(Source records)
____________________

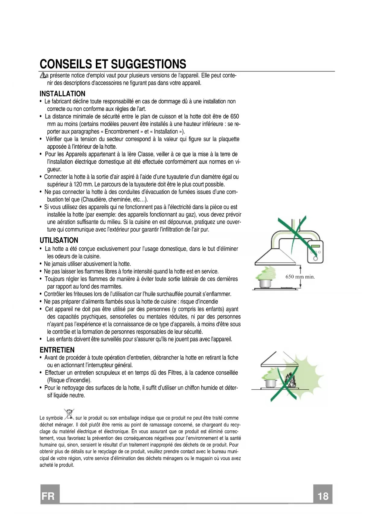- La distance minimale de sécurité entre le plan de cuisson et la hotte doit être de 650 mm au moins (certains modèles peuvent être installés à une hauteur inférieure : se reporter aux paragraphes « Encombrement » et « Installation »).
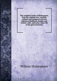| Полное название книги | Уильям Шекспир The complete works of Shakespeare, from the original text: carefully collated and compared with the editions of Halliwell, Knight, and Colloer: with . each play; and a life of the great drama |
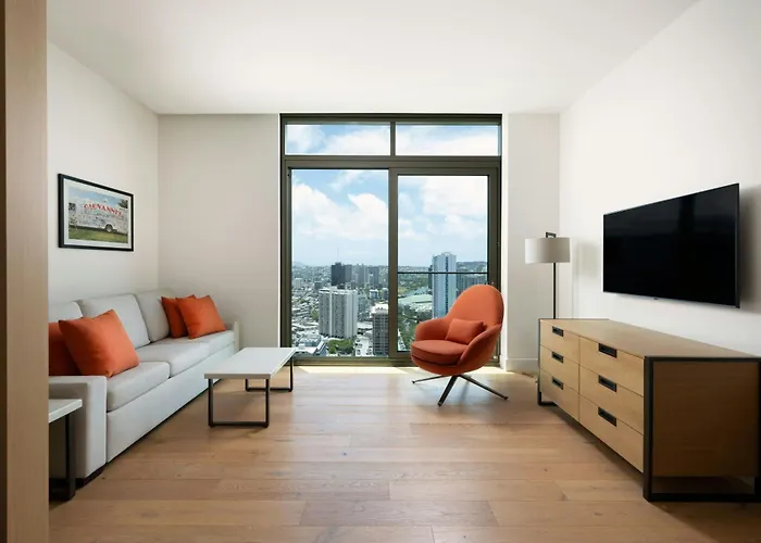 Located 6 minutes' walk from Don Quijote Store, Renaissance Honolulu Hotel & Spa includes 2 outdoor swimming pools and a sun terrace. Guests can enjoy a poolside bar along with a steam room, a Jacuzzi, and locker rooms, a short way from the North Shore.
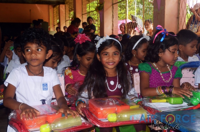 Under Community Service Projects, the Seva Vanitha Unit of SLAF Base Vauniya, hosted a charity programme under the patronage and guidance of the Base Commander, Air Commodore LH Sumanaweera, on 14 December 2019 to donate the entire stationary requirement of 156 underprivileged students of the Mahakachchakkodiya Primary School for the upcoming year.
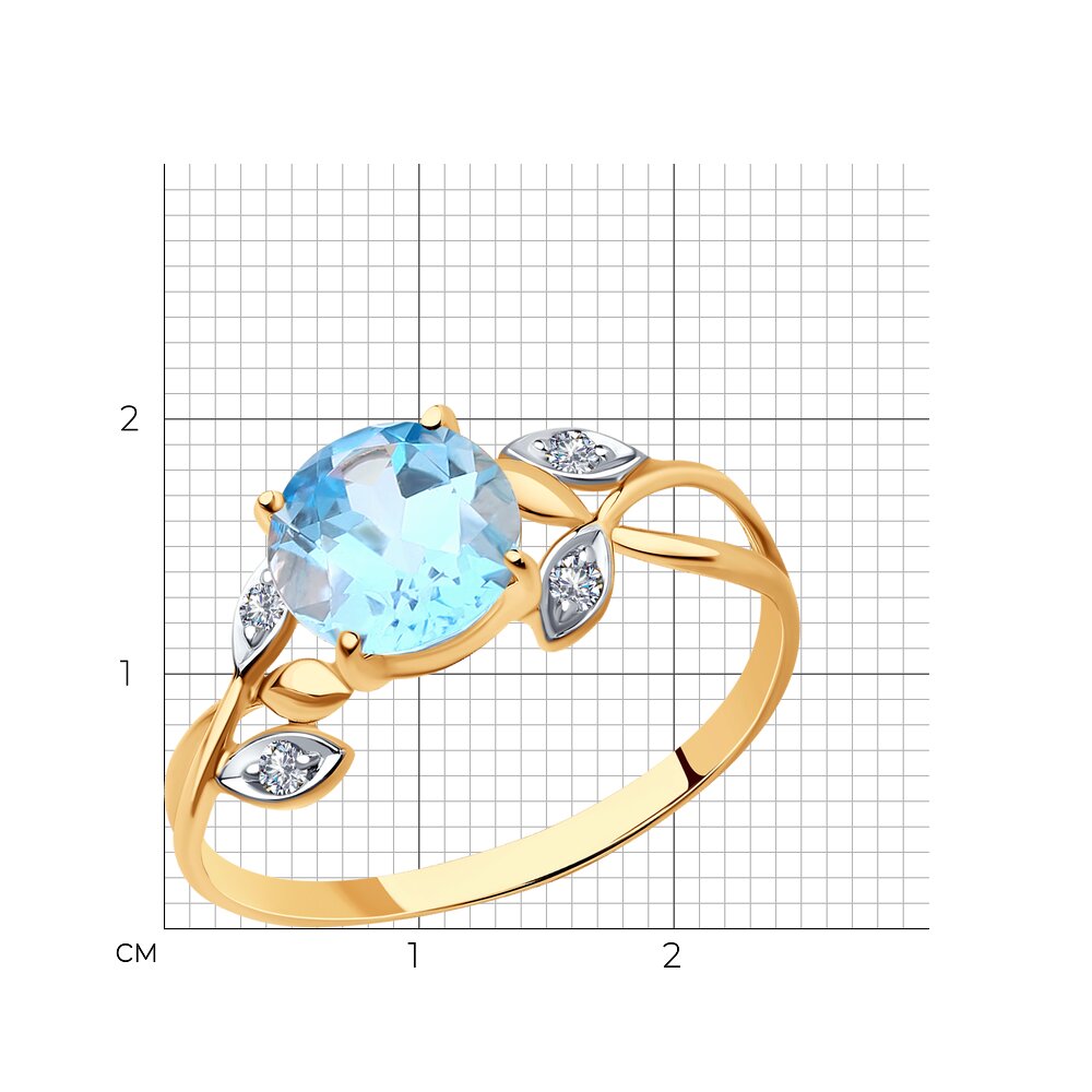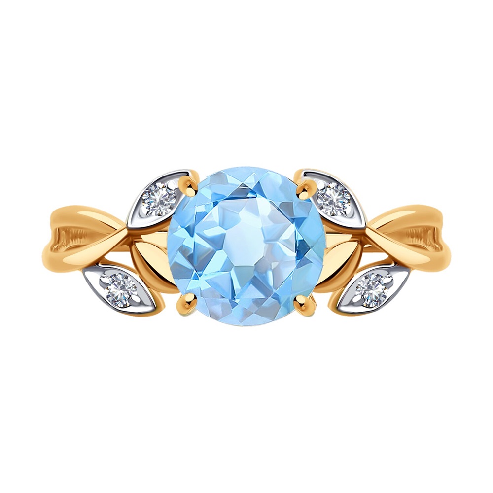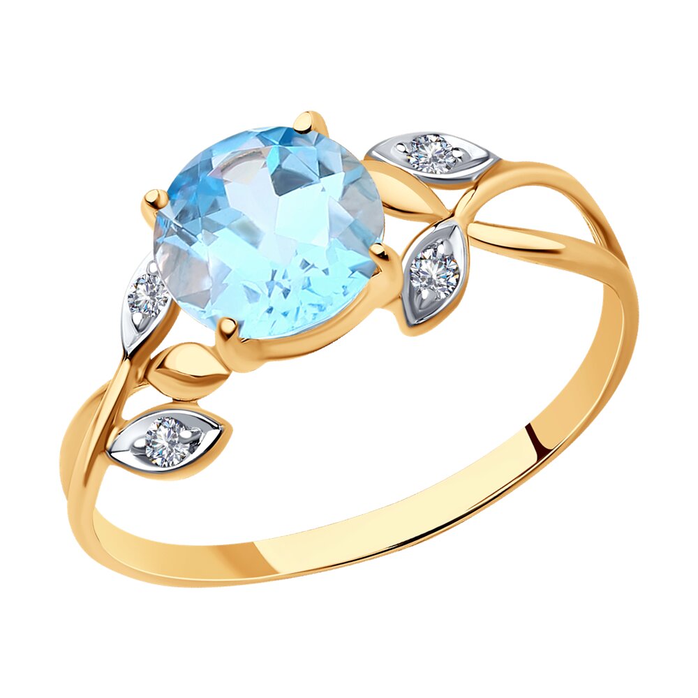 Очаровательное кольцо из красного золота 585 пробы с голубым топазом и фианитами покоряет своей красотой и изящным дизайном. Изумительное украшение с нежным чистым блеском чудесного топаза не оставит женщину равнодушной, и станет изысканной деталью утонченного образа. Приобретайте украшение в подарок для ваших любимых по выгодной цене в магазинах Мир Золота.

____________________

WHAT IS REQUIRED:
Copy every line above word for word and exclude the pictures.

EXERCISE RESPONSE:
- La distance minimale de sécurité entre le plan de cuisson et la hotte doit être de 650 mm au moins (certains modèles peuvent être installés à une hauteur inférieure : se reporter aux paragraphes « Encombrement » et « Installation »).
| Полное название книги | Уильям Шекспир The complete works of Shakespeare, from the original text: carefully collated and compared with the editions of Halliwell, Knight, and Colloer: with . each play; and a life of the great drama |
 Located 6 minutes' walk from Don Quijote Store, Renaissance Honolulu Hotel & Spa includes 2 outdoor swimming pools and a sun terrace. Guests can enjoy a poolside bar along with a steam room, a Jacuzzi, and locker rooms, a short way from the North Shore.
 Under Community Service Projects, the Seva Vanitha Unit of SLAF Base Vauniya, hosted a charity programme under the patronage and guidance of the Base Commander, Air Commodore LH Sumanaweera, on 14 December 2019 to donate the entire stationary requirement of 156 underprivileged students of the Mahakachchakkodiya Primary School for the upcoming year.
 Очаровательное кольцо из красного золота 585 пробы с голубым топазом и фианитами покоряет своей красотой и изящным дизайном. Изумительное украшение с нежным чистым блеском чудесного топаза не оставит женщину равнодушной, и станет изысканной деталью утонченного образа. Приобретайте украшение в подарок для ваших любимых по выгодной цене в магазинах Мир Золота.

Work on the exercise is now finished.